The task: Could you transcribe the records below exactly, leaving out every picture?

Available data:

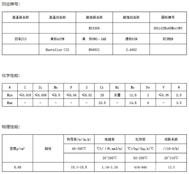 GH3308是以C276为基础提高了合金铬含量并降低了钼和钨,其中碳和矽含量极低,是了达到改进C4和C276的强氧化介质腐蚀。虽然提高了氧化介质耐腐蚀性能,但是耐点蚀和耐缝隙腐蚀未明显改善。具有优异的抗应力腐蚀开裂能力和好的耐局部服饰能力,在很多化工工艺介质中有满意的耐蚀特性,由于此合金含碳和矽极低,因此,非常适宜制造化学工业中耐腐蚀焊接设备、容器、管线,而没有敏化的危险。合金在焊接热影响区有抵抗晶界沉淀形成的能力,这样使它在焊接状态下也能适应很多种化工过程的应用。
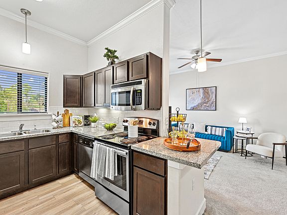 - Exterior features: 10-foot Ceilings, Aerobic Studio, Barbecue, Breakfast bar, Business Center, Coffee & Wine Bar, Game & Craft Room, Granite Countertops, On-Site Maintenance, Outdoor covered seating areas, Pet Park, Spacious Bathrooms, Stainless-Steel Appliances, TV Lounge, Wood-style plank floors
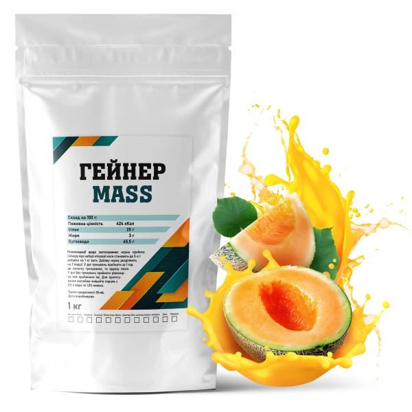 Гейнер вуглеводно-білковий Гадяч MASS 65,5 вуглеводів 1 кг висококалорійний Диня (14-125-G-d1)
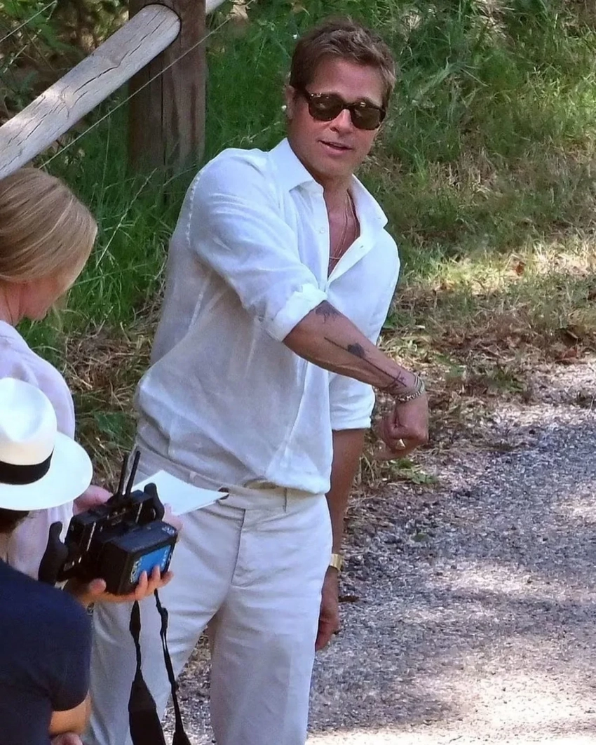 Так, в трейлере "Формулы" Питт появляется с обнажённым торсом, демонстрируя внушительную коллекцию татуировок. Его тело украшено знаками, буквами и разнообразными изображениями, среди которых скелет кентавра, торнадо и японские карпы. Особое внимание привлекает крупная татуировка на животе: её начало представляет собой букву "А", отсылающую к слову "альфа", тогда как в другом месте видна надпись "омега" — вместе эти элементы символизируют начало и конец. На спине актёра набита цитата из песни Боба Дилана When the Deal Goes Down: "Мы живём и умираем, не зная почему. Но я буду с тобой, когда сделка сорвётся". Однако наибольший интерес вызывает надпись на нижней части живота — это дата рождения Анджелины Джоли, его бывшей жены, выполненная кхмерскими символами.
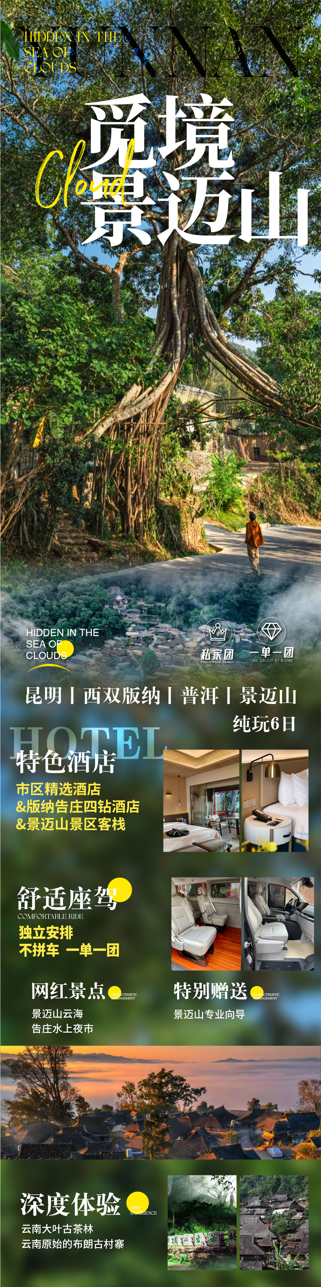 【云南】昆明+普洱+西双版纳双飞6日【普洱国际森林公园+景迈山+糯干古寨+翁基古寨+百年峰神榕树+野象谷+原始森林公园】 【觅境景迈山】一家一团|凯里亚德或温德姆酒店+景迈特色客栈|小众秘境
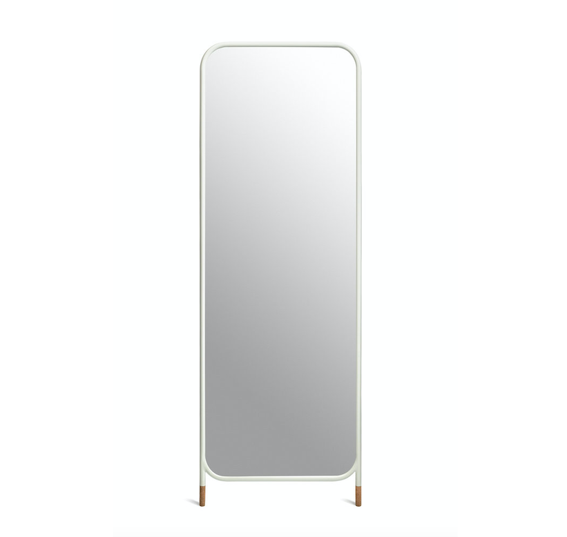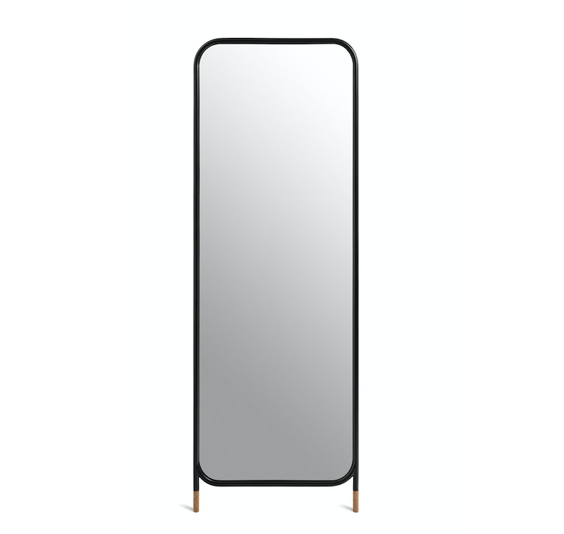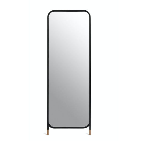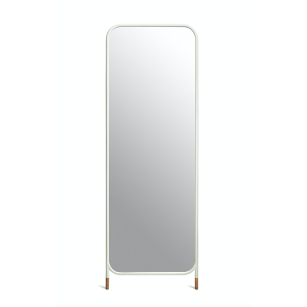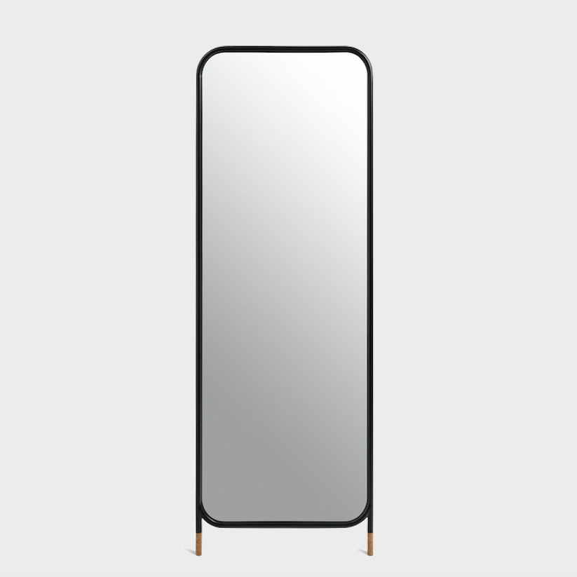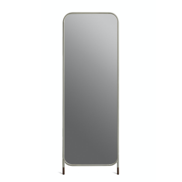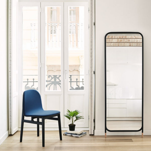 Mirror collection is a collection of wall mirrors in different geometric shapes, both circular and rectangular. The collection has three models of mirrors, a circular mirror with legs, a vertical, rectangular mirror with legs and a circular mirror to hang on the wall. Designed to lean against orbe fixed to the wall, their simple, contemporary lines play with a metal structure finished with two cork feet to prevent slipping.
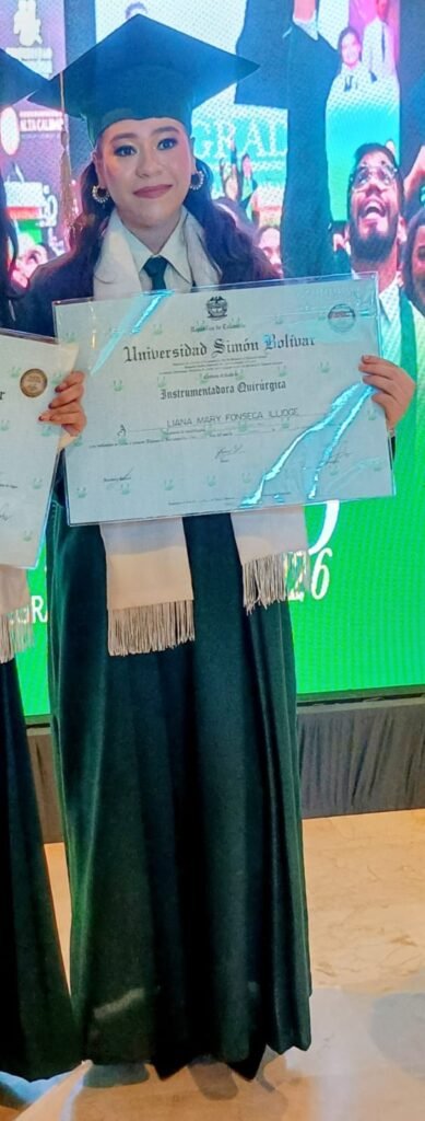 La joven riohachera Liana Mary Fonseca Illidge recibió grado como instrumentadora quirúrgica, título que le otorgó el Ministerio de Educación Nacional a través de la Universidad Simón Bolívar de Barranquilla.
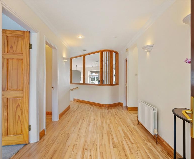 A wide, welcoming hallway sets the tone for the generous proportions throughout. To the left lies a good sized home office/study – perfect for remote work. Beyond, the open-plan kitchen/dining room enjoys harbour views, a fully fitted kitchen with island, and patio doors to a full-length patio: the ideal spot for alfresco dining under ever-changing skies.

Result of the exercise:
 GH3308是以C276为基础提高了合金铬含量并降低了钼和钨,其中碳和矽含量极低,是了达到改进C4和C276的强氧化介质腐蚀。虽然提高了氧化介质耐腐蚀性能,但是耐点蚀和耐缝隙腐蚀未明显改善。具有优异的抗应力腐蚀开裂能力和好的耐局部服饰能力,在很多化工工艺介质中有满意的耐蚀特性,由于此合金含碳和矽极低,因此,非常适宜制造化学工业中耐腐蚀焊接设备、容器、管线,而没有敏化的危险。合金在焊接热影响区有抵抗晶界沉淀形成的能力,这样使它在焊接状态下也能适应很多种化工过程的应用。
 - Exterior features: 10-foot Ceilings, Aerobic Studio, Barbecue, Breakfast bar, Business Center, Coffee & Wine Bar, Game & Craft Room, Granite Countertops, On-Site Maintenance, Outdoor covered seating areas, Pet Park, Spacious Bathrooms, Stainless-Steel Appliances, TV Lounge, Wood-style plank floors
 Гейнер вуглеводно-білковий Гадяч MASS 65,5 вуглеводів 1 кг висококалорійний Диня (14-125-G-d1)
 Так, в трейлере "Формулы" Питт появляется с обнажённым торсом, демонстрируя внушительную коллекцию татуировок. Его тело украшено знаками, буквами и разнообразными изображениями, среди которых скелет кентавра, торнадо и японские карпы. Особое внимание привлекает крупная татуировка на животе: её начало представляет собой букву "А", отсылающую к слову "альфа", тогда как в другом месте видна надпись "омега" — вместе эти элементы символизируют начало и конец. На спине актёра набита цитата из песни Боба Дилана When the Deal Goes Down: "Мы живём и умираем, не зная почему. Но я буду с тобой, когда сделка сорвётся". Однако наибольший интерес вызывает надпись на нижней части живота — это дата рождения Анджелины Джоли, его бывшей жены, выполненная кхмерскими символами.
 【云南】昆明+普洱+西双版纳双飞6日【普洱国际森林公园+景迈山+糯干古寨+翁基古寨+百年峰神榕树+野象谷+原始森林公园】 【觅境景迈山】一家一团|凯里亚德或温德姆酒店+景迈特色客栈|小众秘境
 Mirror collection is a collection of wall mirrors in different geometric shapes, both circular and rectangular. The collection has three models of mirrors, a circular mirror with legs, a vertical, rectangular mirror with legs and a circular mirror to hang on the wall. Designed to lean against orbe fixed to the wall, their simple, contemporary lines play with a metal structure finished with two cork feet to prevent slipping.
 La joven riohachera Liana Mary Fonseca Illidge recibió grado como instrumentadora quirúrgica, título que le otorgó el Ministerio de Educación Nacional a través de la Universidad Simón Bolívar de Barranquilla.
 A wide, welcoming hallway sets the tone for the generous proportions throughout. To the left lies a good sized home office/study – perfect for remote work. Beyond, the open-plan kitchen/dining room enjoys harbour views, a fully fitted kitchen with island, and patio doors to a full-length patio: the ideal spot for alfresco dining under ever-changing skies.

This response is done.